As I am always on the go, be it hiking, travelling or out and about, it is never practical to always carry around a system camera or DSLR.
That means, especially for impromptu social media photos or for photos here on BaldHiker, I am continuously making sure that I have a great camera phone in my pocket.
The camera that is always on my person. Therefore it is the most important camera decision I ever make. All smartphones are phones with all the apps but there are only so many with great cameras.
My current smartphone of choice then is the Huawei P20 Pro. An amazing camera for a phone, that has features upon features that I am still learning myself.

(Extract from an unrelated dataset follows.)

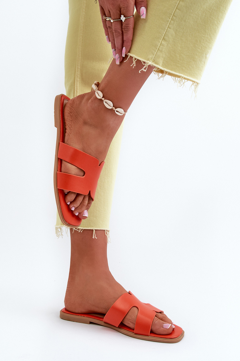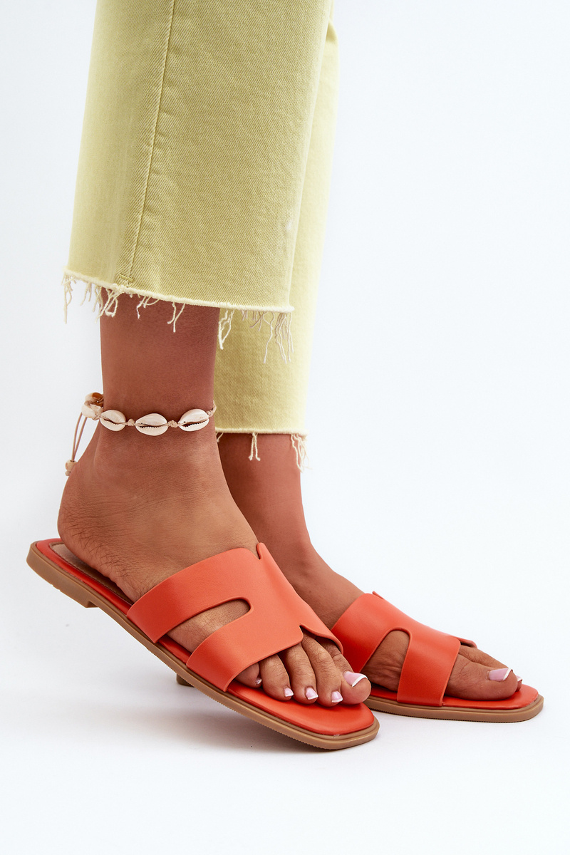 Damskie Płaskie Klapki Z Wycięciami Pomarańczowe Fiviama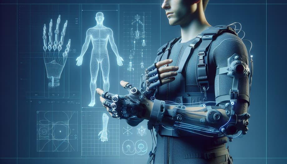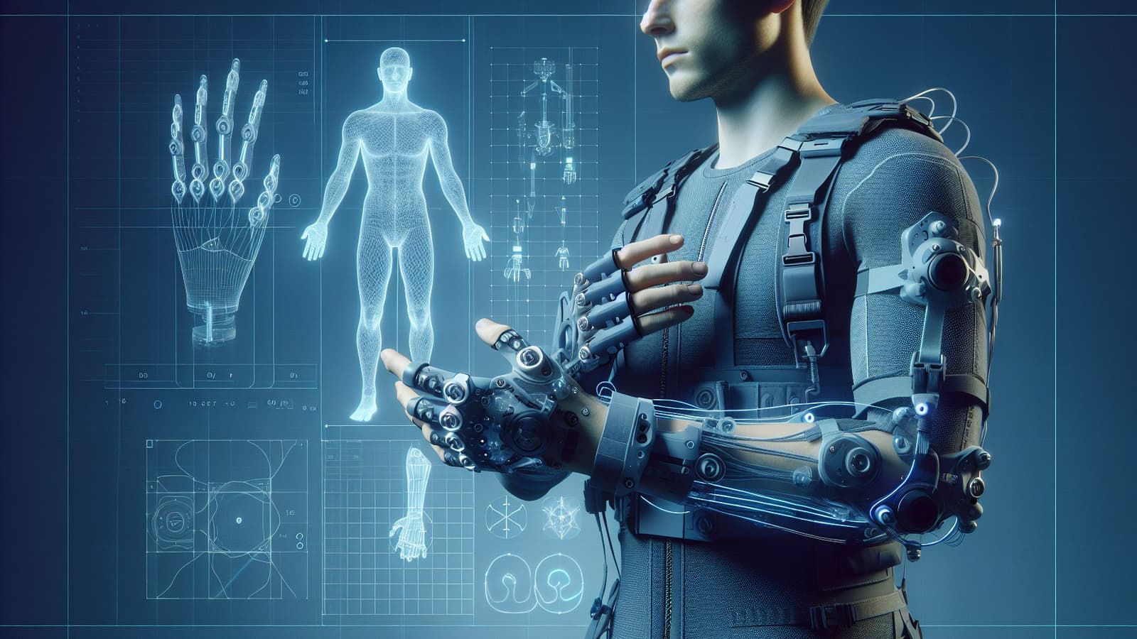 Эта разработка представляет собой уникальную мобильную систему управления манипуляторами с тактильной обратной связью. Устройство, которое можно носить на теле, состоит из каркаса, рукава и перчатки, оснащённой датчиками.

Today I will be showing how I got some of my latest star trails photography by using just the mobile phone and how I edited them quickly to send out on social media.

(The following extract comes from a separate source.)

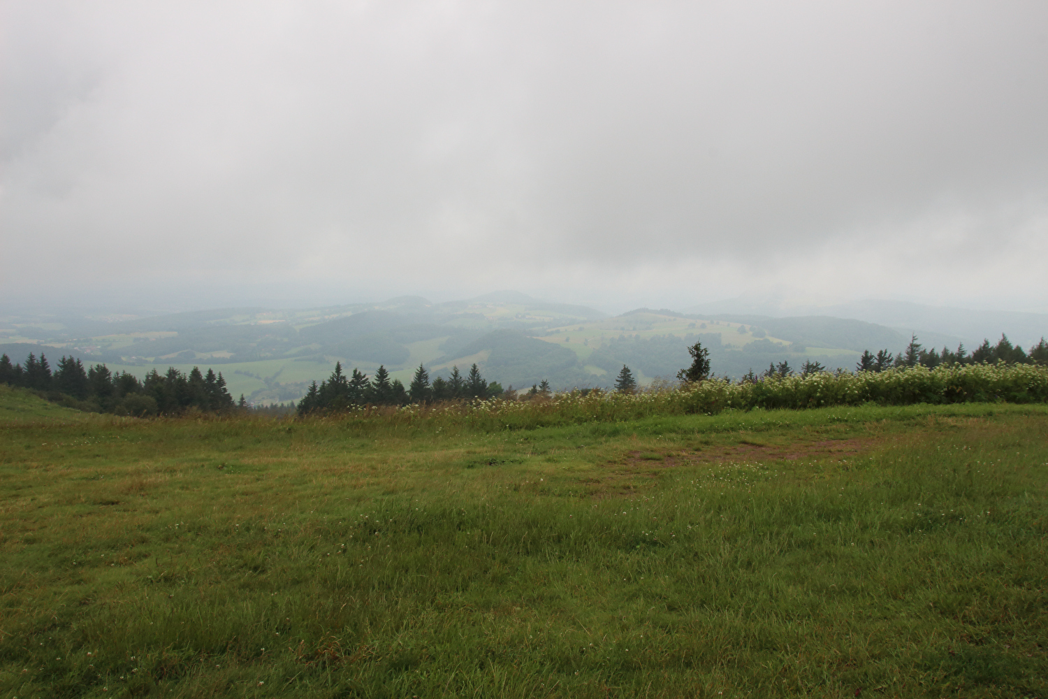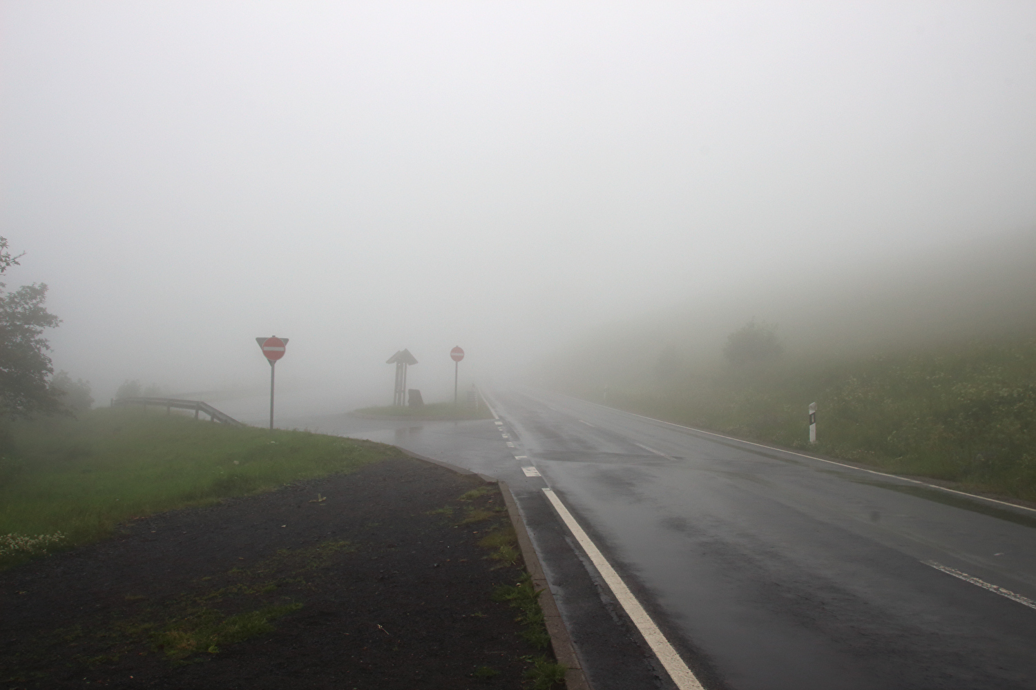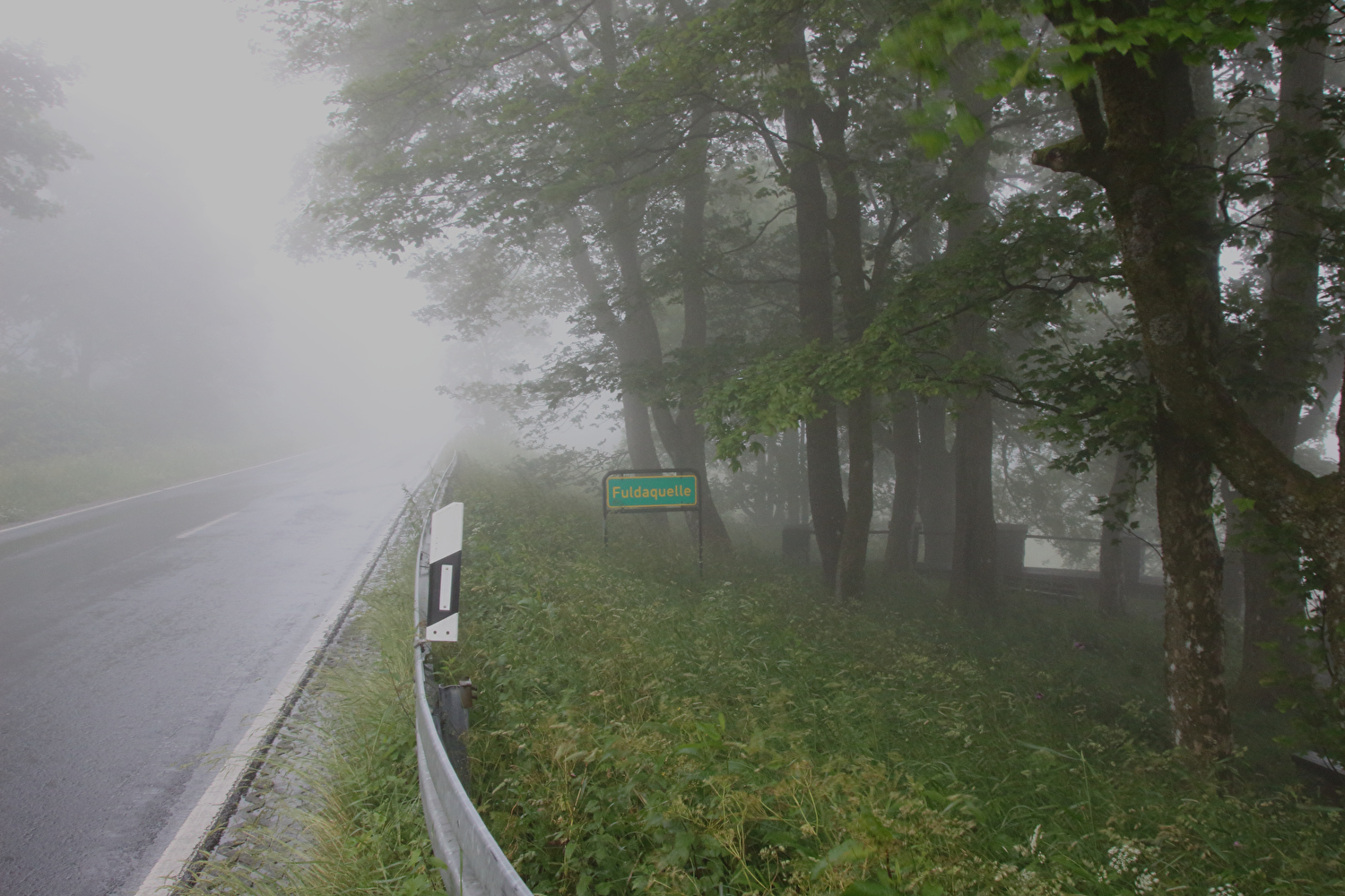 Auf dem Gipfel regnete es zwar nicht, aber der Weitblick endete überwiegend in Wolken und Nebel. Kurzzeitig hellte es sich etwas auf, aber die Wolkendecke hielt der Sonne stand und wenig später in der Abfahrt vom Gipfel setzte wieder Regen ein, der sich rasch intensivierte. Dies wurde in dem bebauten Gebiet zunächst zum Anlass für eine Futterpause an einer Imbissbude genommen. Da sich während dieser Pause aber kein Ende des Regens abzeichnete, wurden für die anstehende längere Abfahrt nach Wüstensachsen die langen Klamotten inklusive des wegen des bereits vor Tourbeginn absehbar kalten Wetters mitgeführten Thermounterhemdes angezogen, und darüber kam dann die komplett lange Garnitur der Norddeutschen Trachtenkleidung. Auf dem Weg zur Fuldaquelle ließ der Regen nach, um dem Nebel Platz zu machen, weshalb dort einige Fotos möglich waren.

Don’t get me wrong, these pics are not for winning awards nor for printing out at A4 size. But for the net and sharing your world it means that night and star photography is now ever more accessible to the masses rather than a dark art for those of us using system cameras. Huawei really have thought about this a lot, credit to them.
OK, the first thing you need is a tripod.
For just a few pounds each, I have a couple of these gorilla tripods (with smartphone holder attachment) conveniently placed. One at home for the backpack plus one in the car. They are small, robust and not only stand your phone still, but can wrap around a tree branch etc whenever you need a steady shot.
The night mode in the P20 Pro is a wonder of AI technology and allows you to take 5 second exposures hand held without blur. But for star trails you need to head into camera mode ‘more’ then choose ‘Light Painting’.
A whole new world opens up in here, ready settings for traffic trails, silky water, light graffiti and for us here, ‘Star Trails’
What happens here is it sets the camera ready with best settings for star trails. set up your shot and carefully press the take picture button. Off it goes taking a long, long, long photo. Basically it seems to be taking continuous long exposure photos but only adding new light as it goes along. Static items like my car in the main photo above and the trees don’t blow out yet as the stars move across the sky this light gets added.
The picture builds before your very eyes, a bit like bulb mode on a dslr. The phone screen shows the photo as an exposure timer runs. The photo with the car I left for around 20 minutes only. then all you do is carefully press the button again and the pic is saved.
This is what it comes out like.
It is ok, in fact great as it is for a smartphone to be sure. Not many can even do this. But of course it is a bit dark for me personally.
I used lightroom (I never use Photoshop as I am not into ultra manipulation), but the basic settings I used can be found on most smartphone photo apps these days, for example Snapseed. Brightness, contrast, warmth etc.
Be careful you do not go crazy with editing. You have used a small sensor as mobile phones have so go OTT and you get way too much noise. Plus it is a very subjective thing, your photography, your style 🙂
But basically within a few minutes after taking the pic you have a photo like on the top of this article.
Will a pixel counter or professional astro-photographer like it? Maybe not, but for you and I who want to share our world and go even further without a weight load of ‘very’ expensive kit, the Huawei P20 Pro is perfect for everyday people to take magical and different photos.
In future articles I will be showing some more of the ‘many’ modes on this phone!